Astro shares hurt by Netflix’s entry and weaker ringgit

More competition: An Astro Malaysia Holdings Bhd signage stands beside a satellite dish at the broadcaster’s headquarters in Kuala Lumpur. An analyst felt Astro’s share price has dropped due to entry of more players in the field. – Bloomberg

SATELLITE pay TV company, Astro Malaysia Holdings Bhd shares have come under pressure in recent weeks and were further bruised after news broke of Netflix’s entry into the country recently.

Astro’s share price has fallen below its IPO price of RM3 to its record low since its listing in October 2012. It closed at RM2.56 on Friday, 15% or 44 sen from its IPO price.

One factor driving Astro’s share price lower is the weaker ringgit. The drop in the local currency against the US dollar means Astro has to cough out more to pay for global content.

Astro content cost for three months (third quarter) ending October 31, 2015 was RM427mil, which accounts for 38% of its revenue. It was 1% higher than the earlier quarter. According to reports, Astro has hedged its foreign currency exposure but not all of it.

This year Astro’s content cost is likely to be higher as there are two major “live’’ sporting events it will bring in for its viewers. They are the Euro 2016 and Olympics, and the rights for the next three seasons of the BPL will likely be higher.

“They will be paying more in content this year, also due to the weaker ringgit,’’ says an analyst.

She felt the share price drop was for now seen as a “knee jerk’’ reaction to the entry of more players in the field, but she also cautioned that “Astro will have to do something about it.’’

“No doubt they have local content and their stronghold is the “live’’ sporting events content, but this is a real threat, though long term, and that needs to be addressed.

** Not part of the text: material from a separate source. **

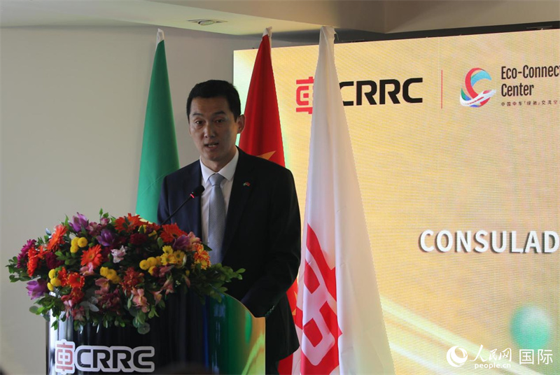 人民网里约热内卢4月24日电 (记者宋亦然)当地时间4月24日,中国中车“绿驰”交流空间(巴西)在巴西里约热内卢正式启用。中国驻里约热内卢总领馆商务参赞敬艳辉、里约州民政厅厅长尼古拉·莫雷拉·米乔内出席启动仪式并致辞,仪式主办方中车长春轨道客车股份有限公司代表和中巴两国各界人士约100人参加活动。

The sooner they address it, the better it will be,’’ she adds.

What is adding pressure to Astro is the growing number of online streaming companies that have emerged as a threat to traditional homegrown TV companies.

Netflix is a big name globally and on Jan 6 came to Malaysia offering streaming services at attractive pricing.

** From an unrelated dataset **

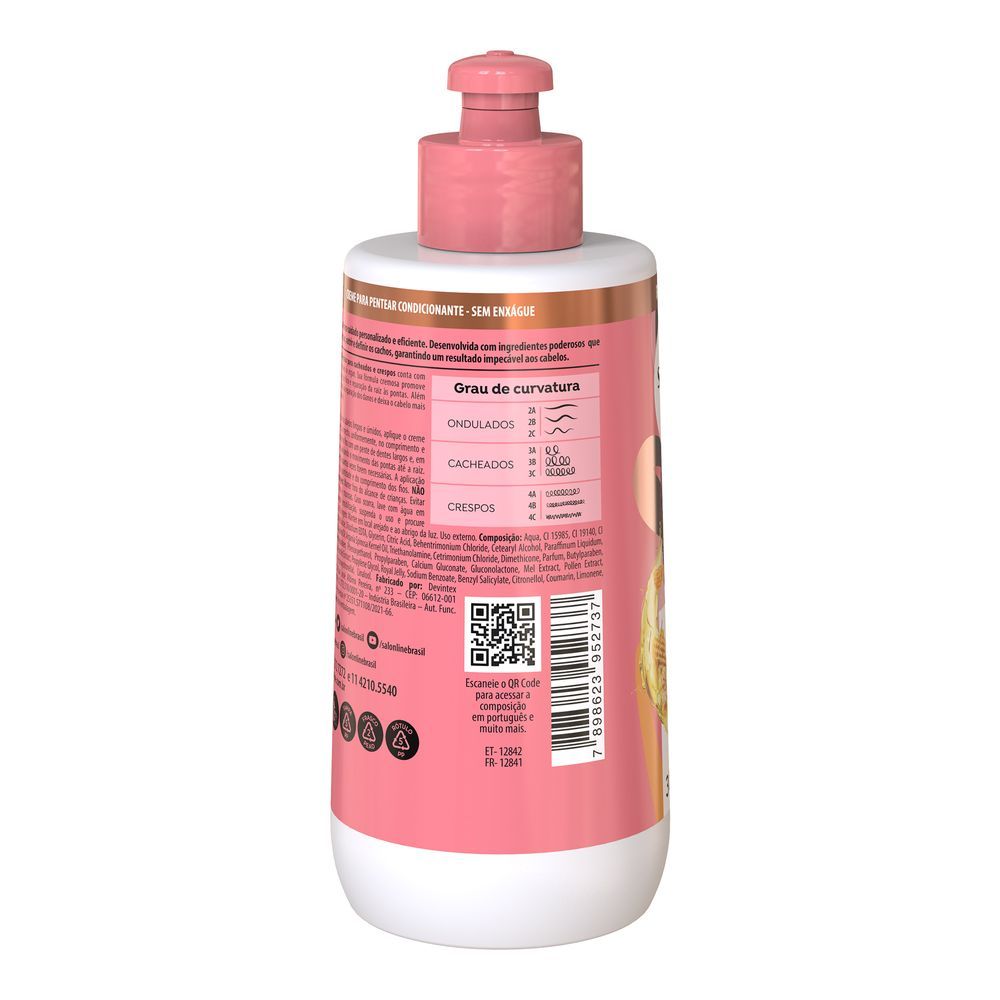 O Creme Para Pentear Salon Line S.O.S Restauração Extrema 300g ajuda a controlar o volume, reduz o frizz e ainda garante fácil desembaraço e cabelos extremamente nutridos e hidratados. Sua poderosa fórmula com Mel e Óleo de Coco, cria uma barreira protetora contra danos externos causados pelo dia a dia. Além disso, é rico em sais minerais e aminoácidos garantindo cabelos fortes, hidratados e nutridos. Salon Line S.O.S Cachos Intensos Mel é livre de parabenos e sal, além de ser veganos. Ativos: Mel: Proteção total da raiz às pontas! Rico em vitaminas, sais minerais e aminoácidos o mel possui ação fortalecedora, ultra hidratante e nutritiva. Possui ação antioxidante e protetora dos fios. Além disso, auxilia pra um couro cabeludo saudável. Óleo de Coco: Já conhecido pelos seu poder mágico de hidratação e nutrição, também é rico em vitaminas e ácidos graxos. Fortalece os fios e proporciona brilho radiante e maciez extrema. Modo de usar: Com os cabelos limpos e úmidos, aplique o Creme Para Pentear Salon Line S.O.S Cachos Intensos Mel mecha a mecha e uniformemente do comprimento às pontas. Desembarace os fios com um pente de dentes largos e, em seguida, amasse-os, iniciando o movimento das pontas até a raiz. Repita o movimento quantas vezes forem necessárias, auxiliará na formação dos cachos. Para melhores resultados, use a linha completa de Salon Line S.O.S Cachos Intensos Mel. Sobre a marca: A Salon Line, uma das maiores fabricantes de cosméticos do Brasil, há mais de 15 anos acompanha a evolução da mulher brasileira. Toda essa vivência fez da empresa uma profunda conhecedora do universo feminino. A empresa está sempre investindo em novas tecnologias e produtos, para oferecer aos clientes, consumidores e profissionais da área o que há de melhor no segmento cosmético mundial. Empresa 100% Nacional, que tem como objetivo especializar-se na beleza das mulheres brasileiras. Sempre desenvolvendo produtos de alta tecnologia, a Salon Line faz do seu slogan a sua realidade: Valorizando todas as belezas.

A few months earlier, iflix, a similar set up like Netflix, entered the market place. Its offering is now available on Telekom Malaysia Bhd’s HyppTV.

But what companies like Netflix have yet to do is standardise their content with that in the United States as that is what viewers here want.

What is in Astro’s favour is its local content strategy apart from its screening of live sports.

“That is why Astro needs to keep paying for live sports content as that it is its real differentiator from the rest of the pack including the online streaming boys,’’ said the analyst.

The growth areas for Astro remains Njoy, premium subscribers and adex, she adds.

“Eventually it will get to head-on competition,’’ adds another analyst.

And the sooner Netflix gets the standardisation of content sorted there will be more interest in their offering, said an industry executive.

Astro has 4.7 million subscribers as at end October, 2015 or 66% of total households in the country.

Maybank IB Research in its report does not believes that the arrival of Netflix in Malaysia will change the Malaysian TV competitive landscape due to its lack of vernacular content and weak value proposition.

It adds there is the incumbents’ live content.

Astro is expected to announce its results for financial year ending Jan 31, 2016 in March and analysts are expecting a 10% growth in its core earnings per share (EPS) to 12% from 10% previously. For 2017 the expectation is 14% EPS.

The average revenue per user per month is projected to rise marginally to RM99.50 from RM99 as at full year 2016.

Astro remains a “buy” stock for 14 broking houses for now. Only two have a “sell’’ call and 9 a “hold’ call, according to Bloomberg estimates. The target price listed there remains at RM3.26.